Donc à la question sempiternellement posée de son avenir,  l'enfant n'osait pas avouer qu'il voulait justement balayer la rue !   Faire joliment voler les feuilles multicolores de l'automne au bout de son balais ; l'hiver aménager les longs chemins enneigés  qui montaient vers les fermes isolées pour permettre au facteur d'effectuer sa tournée, et pourquoi pas, installer parfois un beau bonhomme de neige au carrefour des Quatre routes, avec carotte et vieux chapeau, on en trouvait toujours,  juste pour décorer et qui ne fondrait pas dès le premier rayon du soleil. Il ne plaindrait pas son temps ! Avec lui, à chaque saison, le village serait beau. Il connaissait bien le cantonnier actuel, il l'accompagnait souvent sur le chemin au retour de l'école et il l'aimait beaucoup.

Mais que fallait-il donc pour réaliser son rêve ? 
Une seule consigne,  surtout ne pas bien travailler à l'école,  c'était la clef. Le malheur dans son cas, c'est qu'il était plutôt bon élève. Les quatre opérations n'étaient tout de même pas si compliquées et les poésies qu'il fallait connaître par cœur l'enchantaient le plus souvent. « Demain, dès l'aube,  à l'heure où blanchit la campagne, » il adorait. Une seule lecture lui avait suffit pour connaître sans omettre une seule virgule, le cheminement nostalgique du vieux père Hugo.

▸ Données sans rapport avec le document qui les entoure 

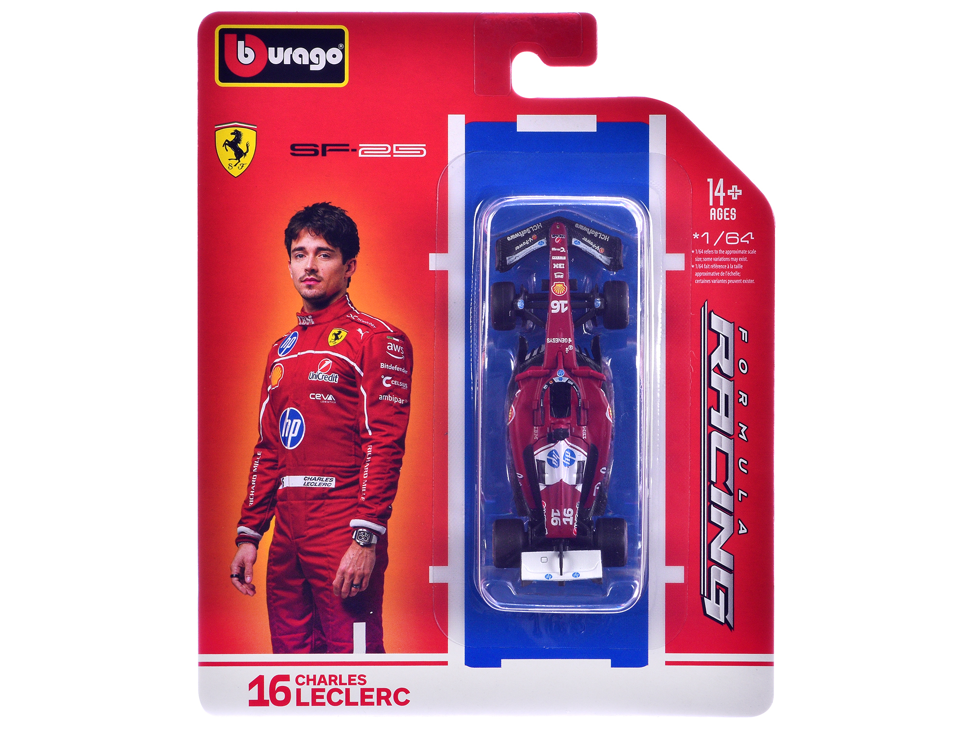 - Brand new 1/64 scale diecast car model of Ferrari SF-25 #16 Charles Leclerc Formula One F1 World Championship (2025) “Formula Racing” Series die cast model car by Bburago.

Le lendemain matin, sur l'estrade : « Demain, dès l'aube… » silence de l'enfant. « A l'heure… »  souffle la maîtresse, « A l'heure… » répète l'enfant devenu muet. La maîtresse est déconcertée,  son meilleur élève.  Impossible d'imaginer que l'enfant, cet enfant là, puisse ignorer cette poésie tellement sensible pour lui. Mystère.

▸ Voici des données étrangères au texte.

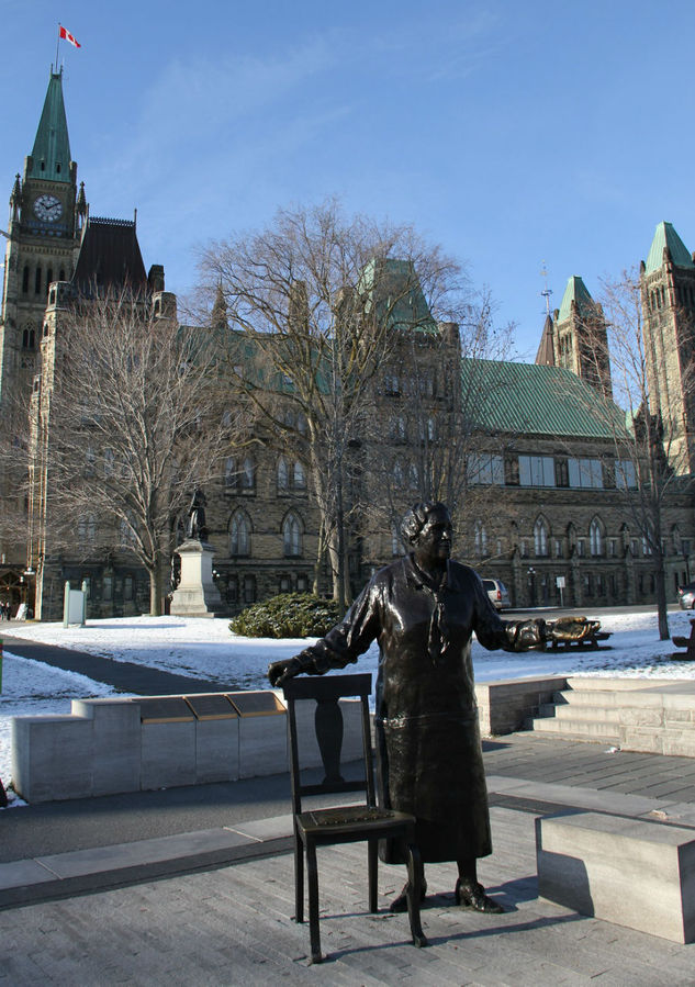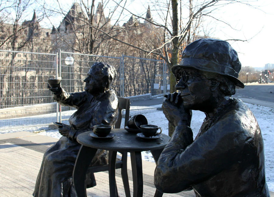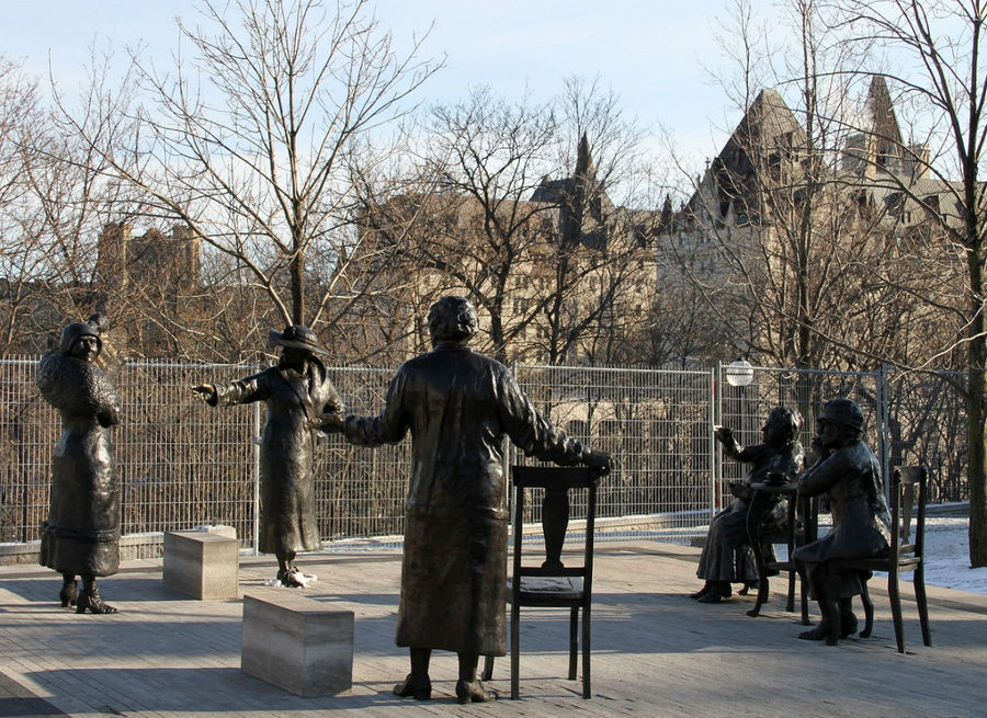 О нем я тоже заранее читал в интернете, но исключил его из мест обязательных для посещения. Просто вначале я подумал, что памятник посвящен хоккеистам, тем более на сайте не было фото. На самом деле расположенный на Парламентском Холме бронзовый памятник посвящен активисткам феминистского движения в 1920-х годах.

Aujourd'hui certainement, une batterie de psycho-ceci, psycho-cela se bousculerait pour examiner le délinquant et qui sait, peut-être démontrer la supercherie. Mais dieu merci à cette époque,  rien de semblable hormis la perplexité de la maîtresse devant ce poète rêveur  en herbe, et bien sûr le désespoir des parents : «  Que va-t-on faire de toi mon pauvre petit ? Tu ne seras bon qu'à balayer la rue ! ».

A l'extérieur, l'enfant montrait la figure du désespoir, il fallait tenir bon, l'affaire était loin d'être gagnée, mais tout au fond de lui, son cœur vagabondait déjà : du jardin du monument aux morts à l'espace du champs de foire, puis vers les allées fleuries du petit cimetière qu'il entretiendrait avec tout l'amour des ancêtres qui reposent là paisiblement. Ce n'est pas lui qui irait bétonner ! Lorsqu’il serait grand, lorsqu’il serait enfin grand, le cancre éclairerait de son travail les rues et les mille kilomètres de chemins creux de son village. Et la cour de la mairie, et l'office du tourisme…  Son village sera le plus beau des villages, et tout cela grâce à la prédiction d’une bonne fée cachée au fond du cœur de sa maman. Car comme chacun le sait depuis la nuit des temps :  les mamans savent toujours ce qui est bon pour leurs enfants !

Appendice.
 Aujourd'hui l'enfant est devenu grand. Il n'est jamais devenu le cantonnier de son village, les forces à l'œuvre conjuguées de l'école et de sa maman ont eu raison de ce  projet bucolique. Toutefois, malgré tout fidèle à son inspiration,  il est devenu jardinier. Un grand jardinier.  Sorti d'une belle école.  Mais comble de la désolation,  il travaille dans un bureau !  Derrière son ordinateur, il dirige une armée de jeunes  jardiniers qui chacun œuvrent modestement  à la beauté des plus somptueux jardins du pays, ceux-là même  qui peut-être il n'y a pas si longtemps encore s'entendaient à leur tour rabâcher « plus tard tu balayeras la rue mon fils ! ».
Il les regarde, il les envie, son imaginaire vagabonde encore et souvent le soir, lorsque la foule déserte les allées, ou à l'heure de la rosée, il s'en va revivre son rêve et peut-être à son tour former des vœux pour l'avenir de ses enfants.